At last he was completely done with this whole thing and then wished for the pizza to bed removed from his face. Again they heard the final clatter, clatter, rustle, rustle and it was gone. The couple then sat down talking about what could have been, they could have been riding down the street is a golden carriage but they did not care because they had a nice pizza to have for there dinner.

Final Script

Once upon a time there was an ordinary man called James, who has a simple office job and a very normal life. However on this day that was about to change as on this day as he reached work, just as he is just finishing up his first task of the day, a fairy popped up in his office. He was stunned by this and was left completely speechless, but as he tries to speak he cannot. After a few seconds he finds his tongue and asks the fairy “What is happening?" and “why she is here?”She then tells him that she is very impressed with what he is doing at work and in his home life. So will grant him his next 3 wishes, no matter what they are she will make them happen. As soon as she says that, she then disappears. He then stared for a few minutes dazed by what has just befallen him, so decided to leave work a little early and go home to his wife.
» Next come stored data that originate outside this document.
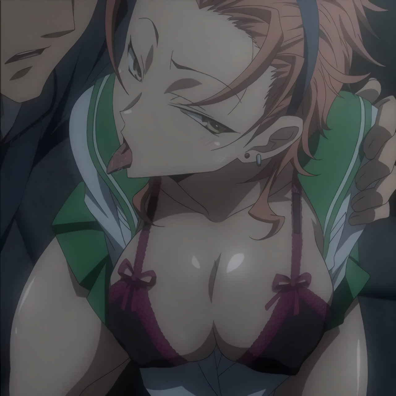 雨で制服が濡れ、透けブラしている冴子。
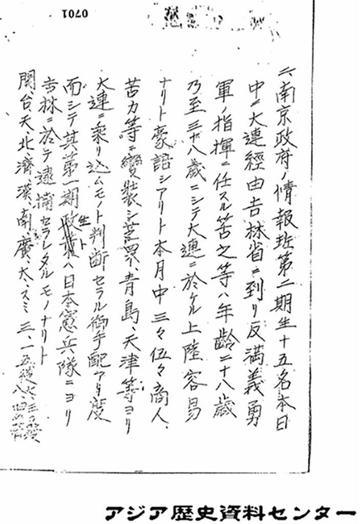 第二、南京政府情報班第二期學員15名,本日經大連到達吉林省,去擔任反滿義勇軍的指揮等,年齡十八至三十八歲,他們豪言壯語説在大連上陸容易,本月內三三兩兩化裝成商人苦力等,從山東煙台芝罘、青島、天津等地,乘船到大連。根據判斷和安排而定。其第一批學生即被日本憲兵隊逮捕于吉林的關、台、天、濟、漢、南、廣、太。
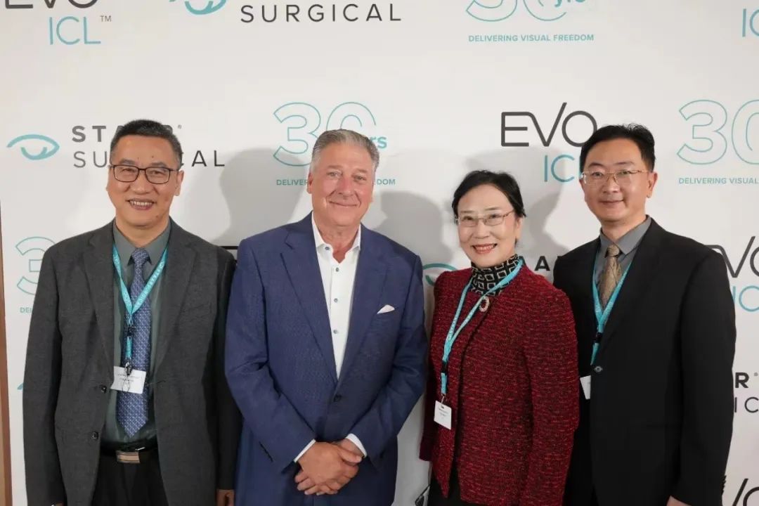 STAAR Surgical全球總裁 Tom Frinzi(左二)與廈門(mén)眼科中心屈光專(zhuān)家劉才遠(yuǎn)教授(左一)、陳亮教授(右一)合影留念

Upon his arrival at his home, his wife then greets him and they sit down together. He then tells her the story of what happened this morning and his wife appears to just shrug and take it on the chin. A few minutes pass by and he feels really hungry, so asks his wife if she will be making the dinner soon.She replies with “not for a few hours yet, it is only 3 o’clock” and then walks into the kitchen.

So in his head he is still feeling very hungry and just wishes for some pizza. They then hear a clatter and a rustle and then a pizza appears in front of him. When his wife returns from the kitchen, she then is very surprised and says. “What has happened here?" This is done with a slightly angry expression. She starts to get quite mad and shouts “you are simply just a fool. I wish for that pizza to be stuck on your nose”. Clatter. Clatter. Rustle. Rustle and there it was.

As the words leave her lips she then notices that a segment of the pizza has merged into his nose.She was completely shocked. The then decided to try to pull it off by hand but she failed to remove the pizza from his nose.

At last he was completely done with this whole thing and then wished for the pizza to bed removed from his face. Again they heard the final clatter, clatter and a rustle, rustle it was gone. The couple then sat down talking about what could have been. They had thoughts that they could have been riding down the street in a golden carriage. However they did not care because they had a nice pizza to have for their dinner.